Свет моего фонарика едва пронзает ближайшие несколько метров ночи. В ушах шумит ветер, и я пытаюсь снова расслышать этот звук. Может быть, это чьи-то шаги. Может быть. Мурашки, не имеющие никакого отношения к холоду, бегут по моим рукам. Когда меня настигает внезапный порыв встречного ветра, луч моего фонарика уходит влево по широкой дуге, озаряя длинную траву, каменистую гору и темную тень другой тропинки в тридцати ярдах от меня. Гробовая дорога.
Это всего лишь темнота. Полная темнота. Я не привыкла к ней, вот и всё. Я чувствую себя слепой, и это не просто нервирует, это пугает. Это заставляет меня чувствовать себя уязвимой совершенно по-новому, хотя я думала, что уже ощутила практически все виды уязвимости.
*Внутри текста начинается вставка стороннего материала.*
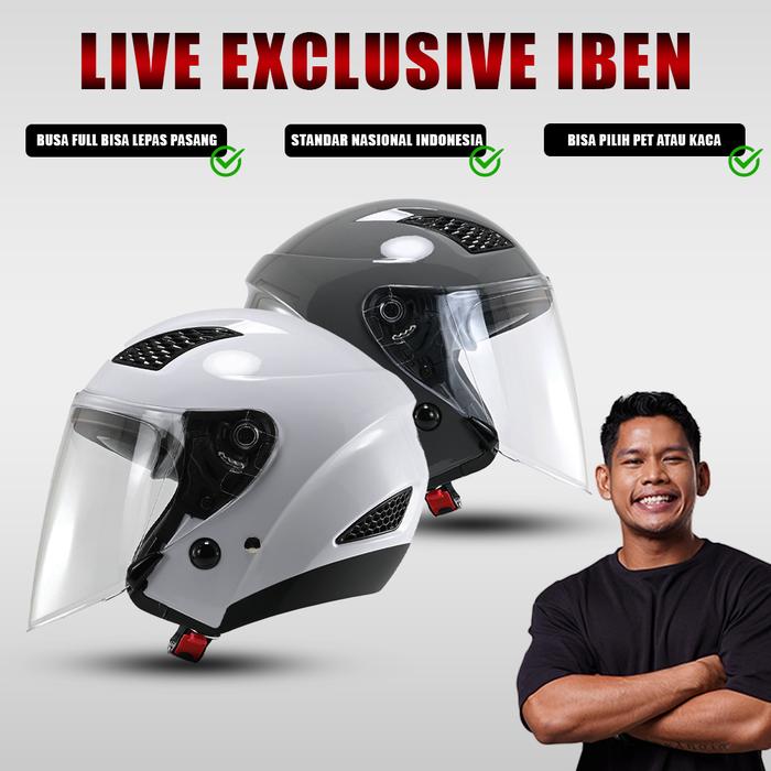 Helm Motor Iben Exlusive R-SIX Kirana Helm Half Face Solid Premium Pria Wanita Dewasa SNI Hijab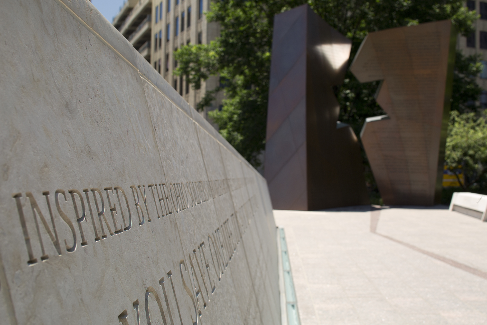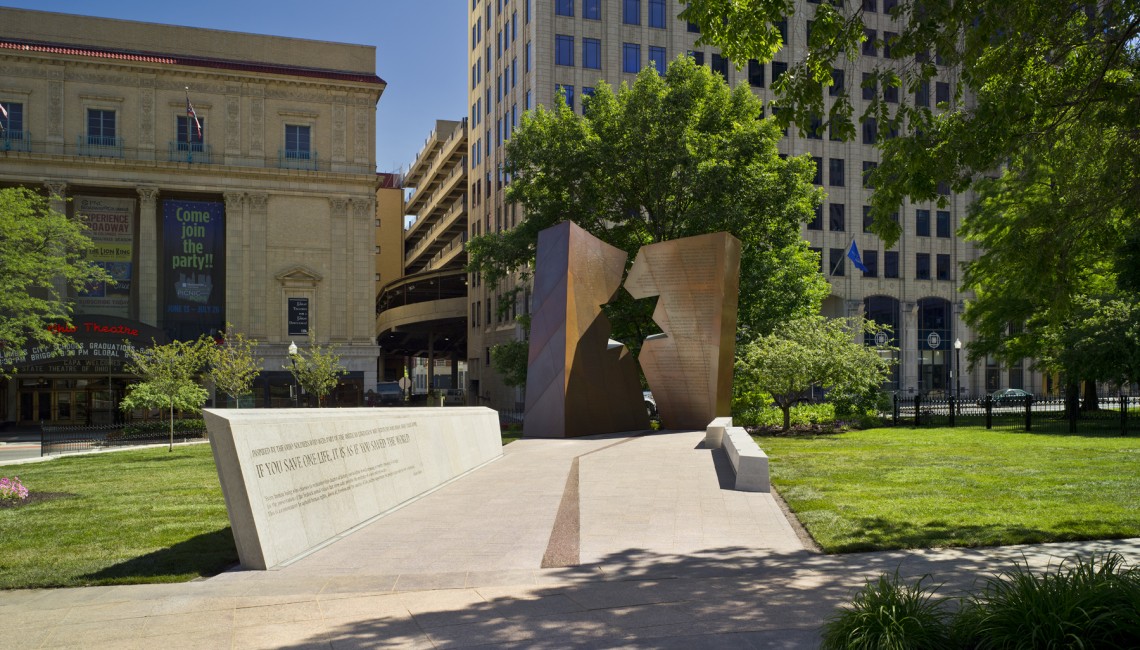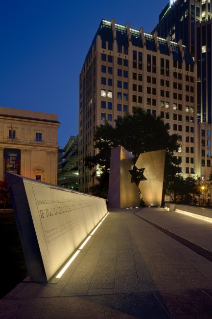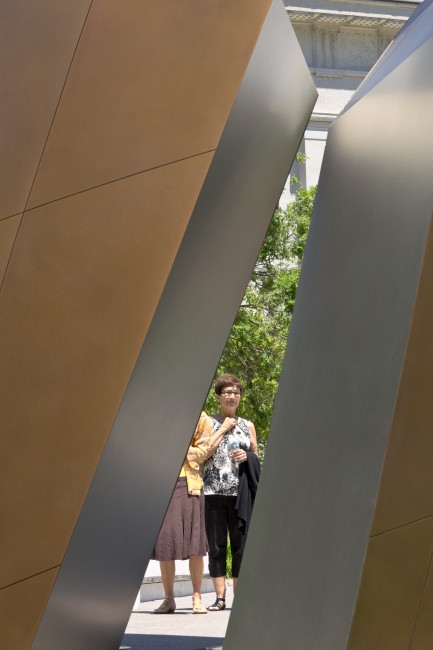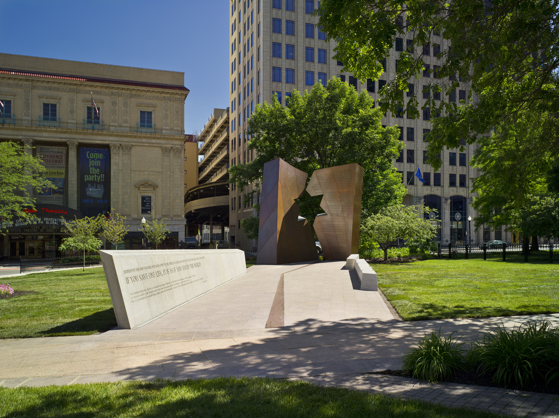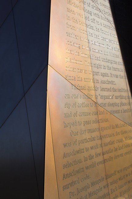 Approaching from the Statehouse, the visitor walks on a limestone walkway between inclined, graduated stone walls and two stone benches towards a pair of large 18-ft-high bronze panels. Embossed with a story told by a survivor of Auschwitz, the panels are also irregularly angled at their inner edges. The planes meet in the center, the jagged edges forming a cutout in the shape of a six-pointed star.

И все же… Что касается дней рождения, то я переживала и не такое. Я почти не помню тот, который провела в больнице с трещиной в черепе и сломанной рукой из-за серебристого «Лексуса», который с грохотом врезался в меня – я была слишком маленькой, – но в моей памяти проносится дюжина других дней рождения. Хаотичные, шумные вечеринки, которые всегда проходили на грани допустимого, неизменно заканчивались слезами или жалобами родителей. Друзья, которые любили мою маму в начальной школе, – веселую маму, которая пела нелепые детские стишки и иногда появлялась у школьных ворот в длинном вечернем платье или нагруженная пакетами со сладостями, – в старшей школе перестали любить ее. Или меня. Последний день рождения, который я решила провести с мамой, я также провела со своей единственной оставшейся подругой, Беккой. В свои шестнадцать лет она выглядела намного младше меня, тихая и милая, а ее мама умерла всего за два года до этого, после долгой, никем не обсуждаемой болезни. По моей просьбе мы устроили тихий пикник в саду, а не грандиозную вечеринку, которую предпочла бы мама; она еще до прихода Бекки начала пить большие порции джина с тоником, настаивая на том, что это просто газированная вода.